What is MENA · ماذا يعني مينا

ماذا يعني مينا A region with one heartbeat — and a hundred ways to say it.

MENA stands for Middle East and North Africa. Twenty-two countries. Over 400 million people. One of the world's oldest continuous musical traditions — and one of the most electric right now. This page is a doorway, not a textbook. Walk through it and you'll understand the festival.

Stylized SVG map · MENA region · gold on ink

22

Countries

From Morocco in the far west to Oman in the far east. Three continents brush against each other here.

400M+

People

One in twenty humans alive today. Median age under thirty — a young region with a loud culture.

30+

Arabic dialects

Plus Amazigh, Kurdish, Farsi, Hebrew, Armenian, Assyrian. One word, a dozen ways to say it.

1M+

MENA-Americans in SoCal

[Unverified] One of the largest diaspora concentrations in the country — and the room this festival is built to fill.

The Levant

بلاد الشام

Lebanon · Syria · Palestine · Jordan

Beirut's cassette-tape pop. Damascus's qanun. Palestinian resistance poetry set to oud. Amman's new-wave. A small geography with an outsized musical memory — and a diaspora that never stopped singing back.

The Gulf

الخليج

Saudi Arabia · UAE · Kuwait · Qatar · Bahrain · Oman

Khaleeji rhythm. The oud tradition reinvented in stadiums. Modern pop crossing with trap and house. The region financing MENA's global moment — and starting to lead it.

The Nile

وادي النيل

Egypt · Sudan

The cultural heart. Umm Kulthum to mahraganat. Cairo's cinema soundtracks. Sudan's call-and-response traditions. Every Arabic music lineage runs through here somewhere.

The Maghreb

المغرب الكبير

Morocco · Algeria · Tunisia · Libya

Raï. Gnawa. Chaabi. Amazigh rhythms older than the Sahara. A region that has always lived across the Mediterranean — and whose artists are rewriting European pop right now.

Iraq & the Kurdish lands

العراق وكردستان

Iraq · Kurdish regions across MENA

Maqam. The oldest classical tradition on earth still played. Baghdadi jazz, Kurdish folk revival, Iraqi hip-hop emerging from diaspora cities like Chicago and Copenhagen.

Horn & edges

القرن الأفريقي وما حوله

Yemen · Somalia · Djibouti · Comoros

The region's southern edge — where Arabic music meets East African polyrhythm and Indian Ocean trade winds. A sound most Americans have never heard, and should.

Why a MENA festival belongs on a main stage.

For most of the last century, MENA artists have been treated like a niche in American music discovery — filed under "world" or "international" and rarely booked at the same scale as their peers in hip-hop, Latin, or K-pop. That framing is breaking right now.

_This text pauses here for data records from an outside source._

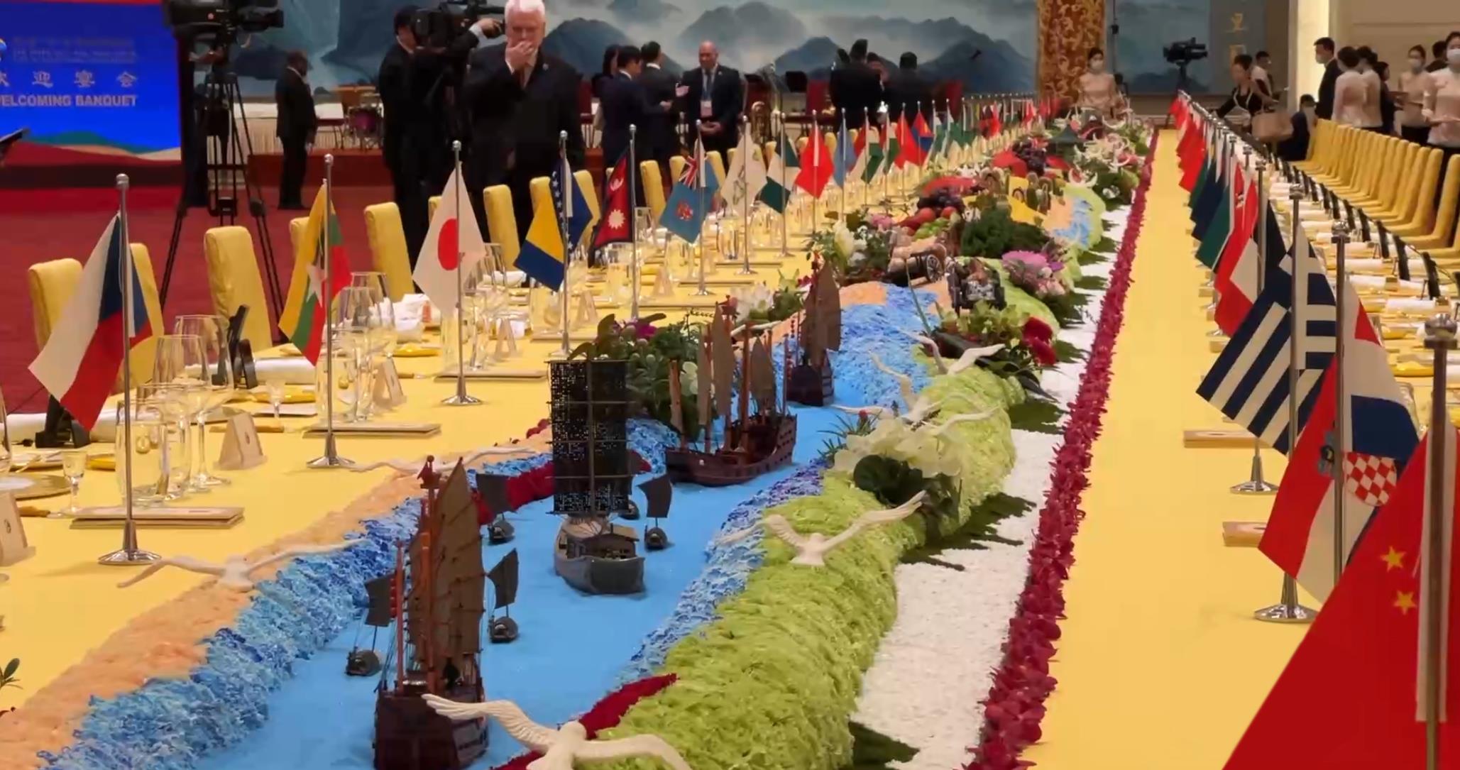 在10月17日晚舉行的歡迎宴會上,嘉賓們被這樣一個細(xì)節(jié)深深打動——晚宴餐臺以“撫古觀今、擁抱未來”為主題,南側(cè)展示著古代絲綢之路的微觀景象:海邊碼頭上擺放著對外出口的瓷器、絲綢、茶葉等貿(mào)易物資,路上擺放有從西域引進(jìn)的蔬菜瓜果;餐臺北側(cè)為21世紀(jì)絲綢之路的景觀:以北京天壇的裝飾為起點,中間穿插高鐵、中歐班列、新能源汽車等擺件,展現(xiàn)各國互聯(lián)互通的景象……
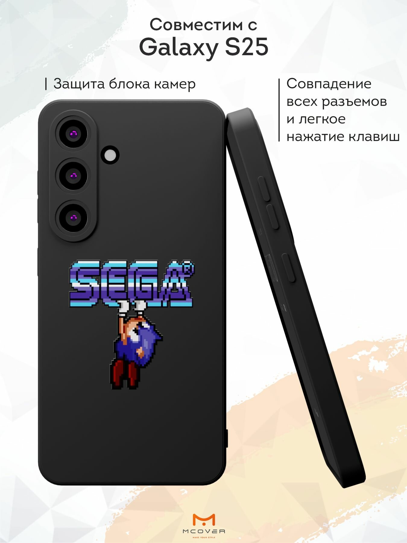 Силиконовый чехол Mcover, на Galaxy S25, с принтом Сега. Соник, черный, с защитой камеры информация:
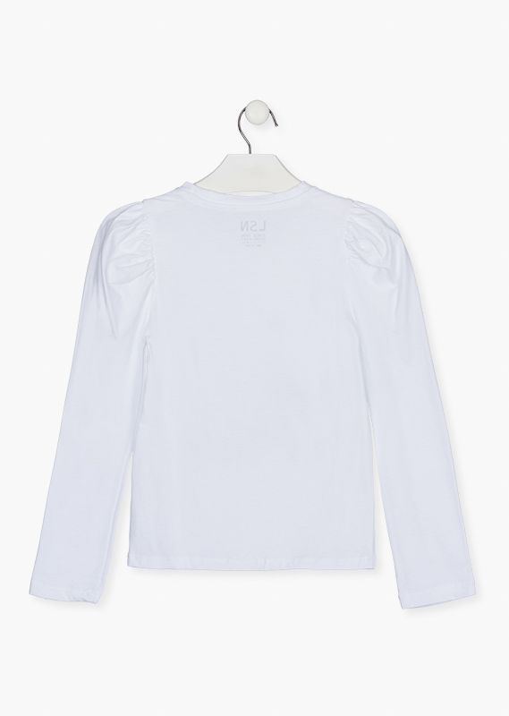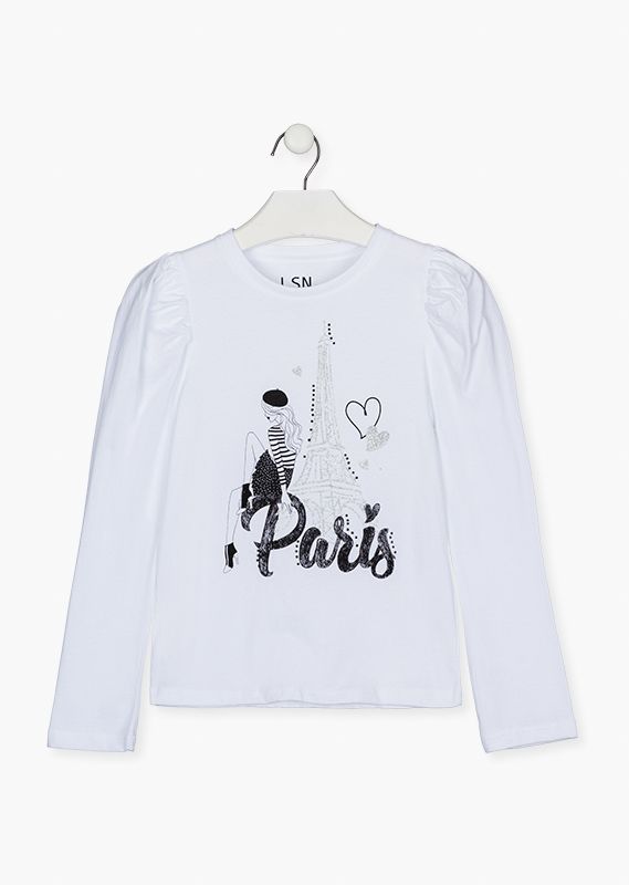 Camiseta con estampado de Torre Eiffel para chica. Camiseta de color blanco con manga larga fruncida. Tejido de algodón. Cuello redondo.
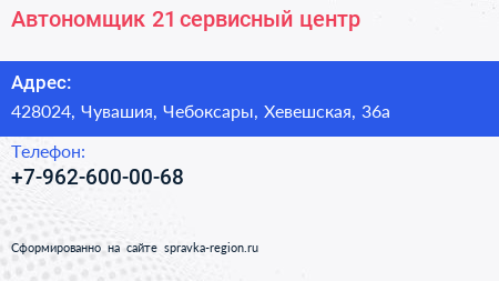 Автономщик 21, сервисный центр по адресу 428024, Чувашия, Чебоксары, Хевешская, 36а в дальнейшем Организация, размещена в следующих категориях:

Issam Alnajjar's "Hadal Ahbek" crossed a billion streams. Dystinct's Arabic hooks are charting across Europe. Mohammed Assaf sells out amphitheatres from Amman to New Jersey. The audience was always here — the infrastructure is finally catching up.

"We don't need permission to put our music on a main stage. We just need the stage."

OC MENA Festival is a 150-acre, three-stage, three-day statement. We are not the first MENA festival in North America, and we won't be the last. But we are among the first to say out loud: this is pop, this is rock, this is rap, this is dance music. Book it accordingly.

The festival is for the Arab kid who grew up in Anaheim translating lyrics to their friends in the back of a car. For the Moroccan grandmother who hasn't heard Dystinct live and should. For the non-MENA neighbor curious about the music echoing out of the OC Fairgrounds. Come in. Welcome. This is the room.